One-year follow-up of a short specific carbohydrate diet intervention in children with juvenile idiopathic arthritis: A retrospectively controlled study with focus on medical burden.
Study Goal
The researchers aimed to evaluate the anti-inflammatory effects and long-term impact of the Specific Carbohydrate Diet (SCD) on medication needs in children with juvenile idiopathic arthritis (JIA).
Results Summary
The SCD showed short-term symptom improvement in some participants, with six avoiding medication escalations for a year, but no significant group-level changes in medication use were observed. Long-term adherence was challenging, and larger studies with simpler diets are needed.
Population
Children with juvenile idiopathic arthritis (JIA) and low disease activity.
Effective Dosage
Not specified
Duration
1-month intervention with 1-year follow-up
Interactions
None mentioned
| Intervention | Direction | Endpoint | Population | Dosage | Impact | Claim # |
|---|---|---|---|---|---|---|
specific carbohydrate diet (SCD) | increase | clinical variables | children with juvenile idiopathic arthritis (JIA) | - | significant improvement | #1 |
specific carbohydrate diet (SCD) | no change | medication use | children with juvenile idiopathic arthritis (JIA) | - | no significant group-level changes | #2 |
specific carbohydrate diet (SCD) | decrease | need for medical escalation | six participants | - | eliminated | #3 |
specific carbohydrate diet (SCD) | decrease | symptoms | children with JIA | - | shows promise in alleviating | #4 |
specific carbohydrate diet (SCD) | decrease | planned medication escalations | some participants | - | allowed some participants to avoid | #5 |
OBJECTIVES: Studies on diet as a complementary treatment in children with juvenile idiopathic arthritis (JIA) are limited.

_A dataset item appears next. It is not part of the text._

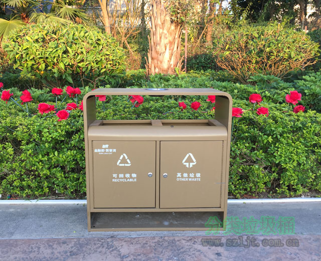 鋼制噴塑分類垃圾桶:使用優質鋼木剪裁、沖孔、折彎、組裝、焊接、打磨、噴塑、絲印而成,外表美觀,功能實用,適用于街道、學校、景區、廣場、小區等各種戶外場所。
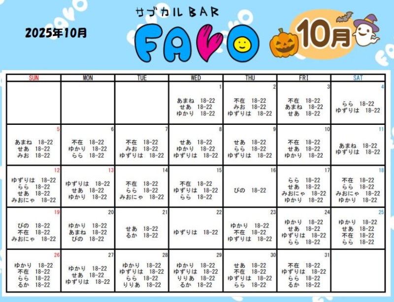 | 営業時間 | 平日 18:00〜24:00 週末 18:00〜5:00 | ||||||||||||||

We have previously reported initial findings from a study exploring the potential anti-inflammatory effects of a 1-month specific carbohydrate diet (SCD) in children with JIA. This paper presents the full-year follow-up results, primarily focusing on changes in medication needs before and after the intervention. METHODS: Twenty-eight patients with JIA, with low disease activity, were included. The results of disease activity, physical function, pain, morning stiffness, and inflamed joints from the 1-month intervention, as well as long-term effects, were evaluated. The medical burden during the year before and 1 year after the dietary intervention was compared with three times as many retrospective patients with JIA. RESULTS: Despite adherence challenges, twenty-one children completed at least 1 month on the diet with a significant improvement in clinical variables that appeared to persist for several months. Sixteen children completed a 1-year follow-up, and the medical burden was compared with that of 48 matched retrospective controls. We observed no significant group-level changes in medication use from the dietary intervention. In six participants, the need for medical escalation was eliminated following the dietary intervention, and this effect was maintained for 1 year. CONCLUSION: The SCD shows promise in alleviating symptoms in children with JIA, both in the short and long-term. While no significant group-level changes were observed, some participants avoided treatment escalations, suggesting individual benefits. However, larger-scale studies using a less complicated diet are necessary to draw definitive conclusions. Clinical Trials Identifier NCT04205500, 2019/12/17, retrospectively registered. URL: https://register. CLINICALTRIALS: gov . Key Points • The specific carbohydrate diet (SCD) allowed some participants to avoid planned medication escalations, indicating its potential role in managing JIA symptoms. • Most participants faced difficulties with long-term adherence to the restrictive SCD, highlighting the need for more sustainable dietary strategies. • Further studies are needed to identify specific dietary components that drive benefits and to explore underlying mechanisms for effective dietary recommendations in pediatric rheumatology.